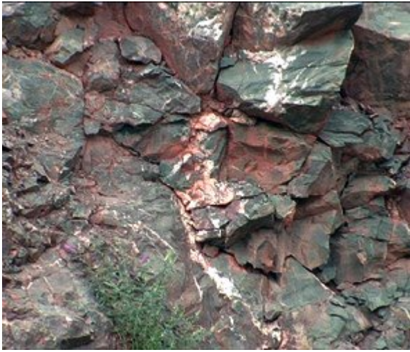
Quartz vein mineralisation in Whitwick Quarry.
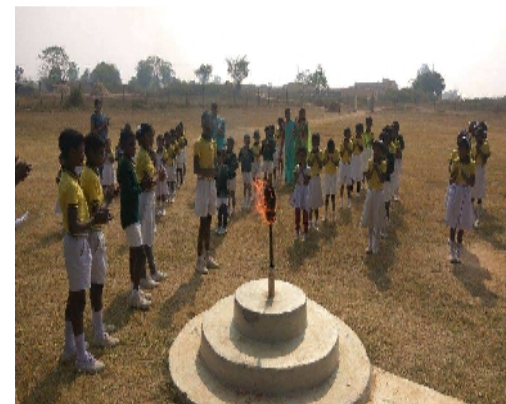
Annual Sports Day
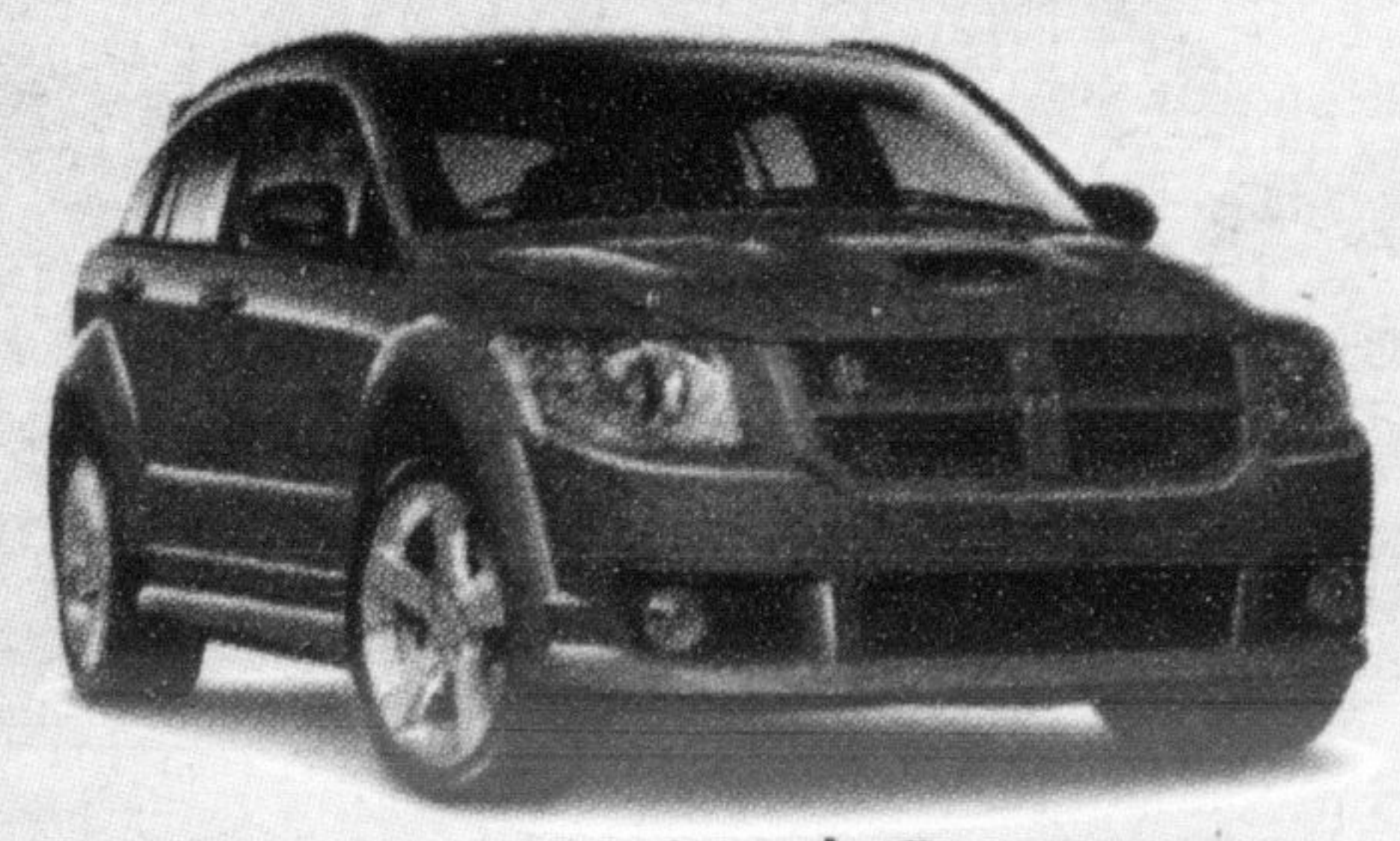
2009 Dodge Caliber SXT

Cash Discount $3,750* 2.99% Purchase Financing APR (for 36 mths.)
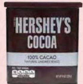
HERSHEY'S BAKING COCOA UNSWEETENED 226G/ SPECIAL DARK COCOA POWDER 80Z RM20.98
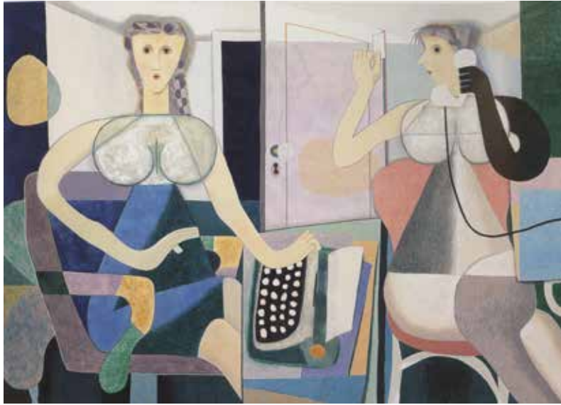
Figure 3. Dōmoto Inshō 堂本印象, Hachi jikan 八時間 (8 Hours; 1951). 130.0 x 160.0 cm. Collection of Kyōto Furitsu Dōmoto Inshō Bijutsukan 京都府立堂本印象美術館. In Chō "nihonga" modanizumu 超「日本画」モダニズム, ed. Kyōto Furitsu Dōmoto Inshō Bijutsukan. Kyōto Furitsu Dōmoto Inshō Bijutsukan, 2008, p. 22.
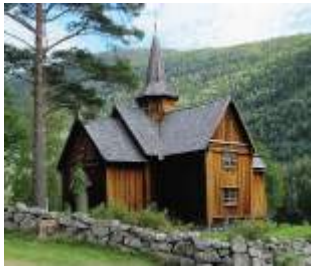
Nora Stave Church

Stave churches are an iconic part of Norway's cultural identity. A surviving testament to Medieval European architecture, Norway's most popular stave churches receive thousands of visitors each year. Yet, three of the country's lesser-known churches may be facing closure or sale this year due to financial hardship.
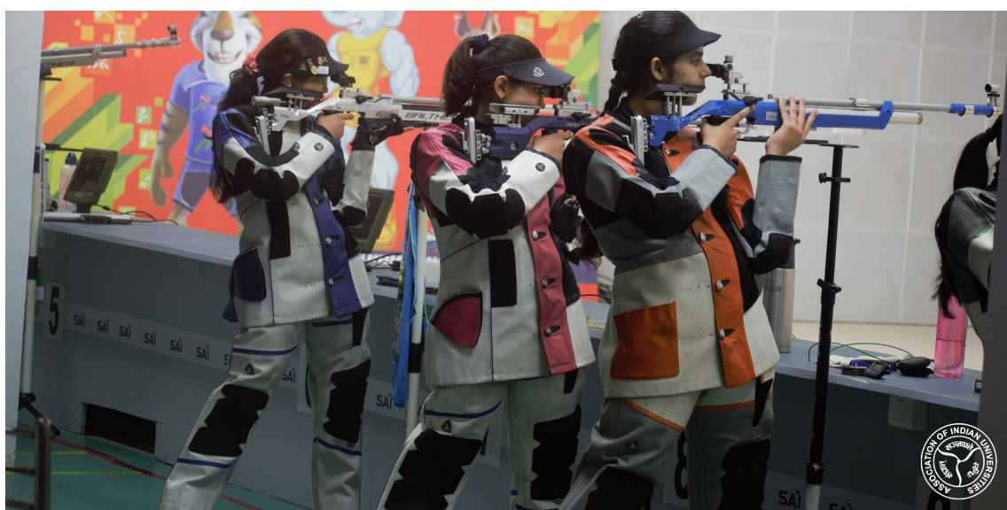
Women's Rifle Shooting
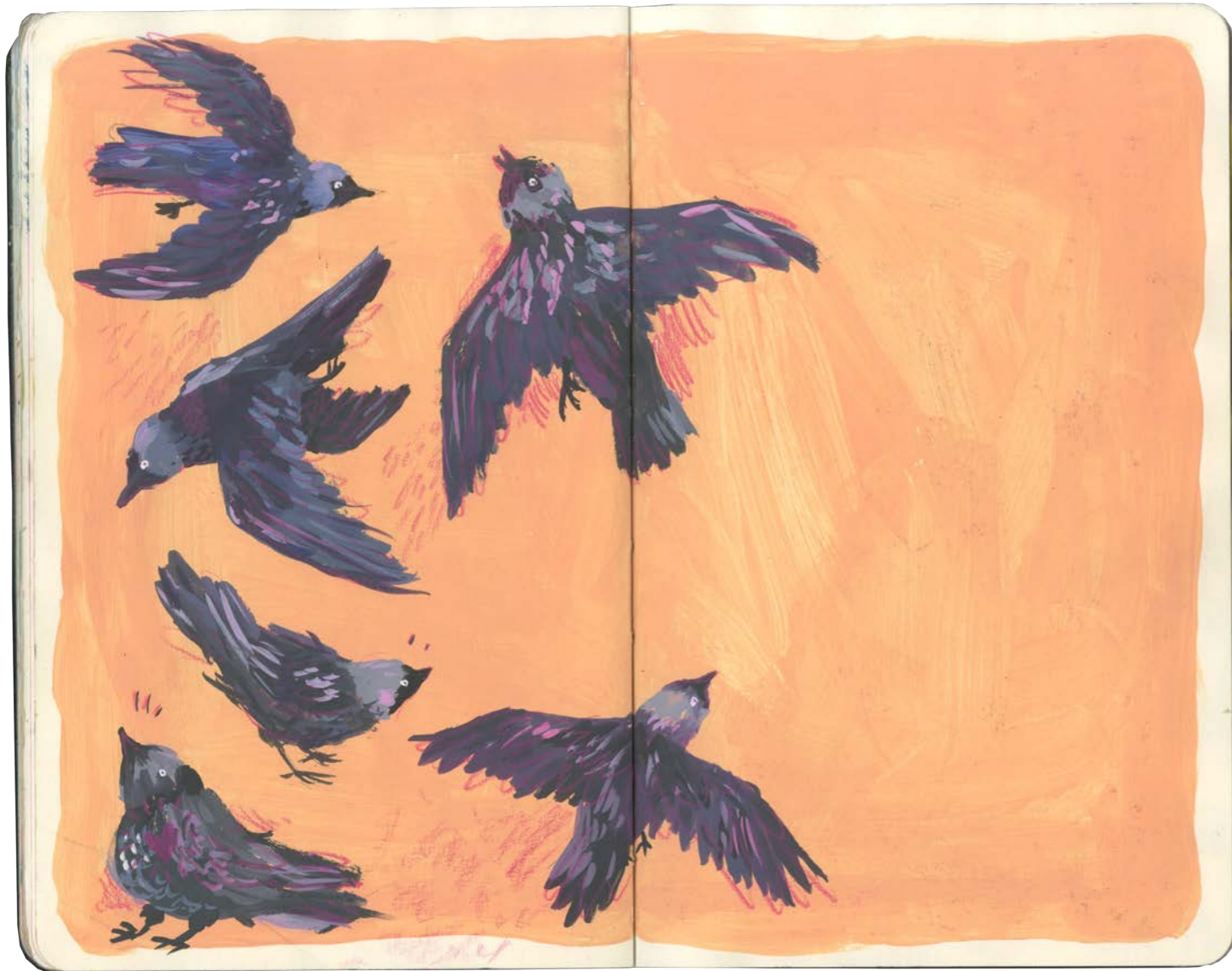
(Left) Jacks in the Park Gouache and coloured pencil, sketchbook spread painted from life.
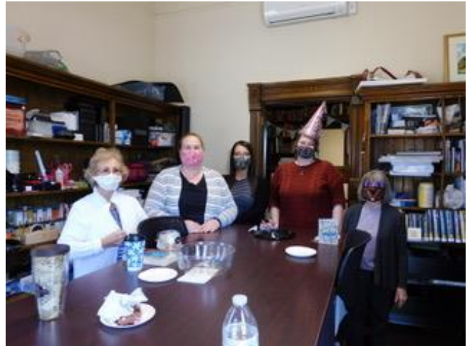
The staff takes time to celebrate two recent birthdays during their lunch hour

Watch for more information soon! A "Library Tea Party" is being planned for later in the Spring, to be held at the store!

▸ **TASK BRIEF**
For the word "Stave", show every line of the entries that holds it.

▸ **RESULT FOR THIS EXERCISE**
Nora Stave Church
Stave churches are an iconic part of Norway's cultural identity. A surviving testament to Medieval European architecture, Norway's most popular stave churches receive thousands of visitors each year. Yet, three of the country's lesser-known churches may be facing closure or sale this year due to financial hardship.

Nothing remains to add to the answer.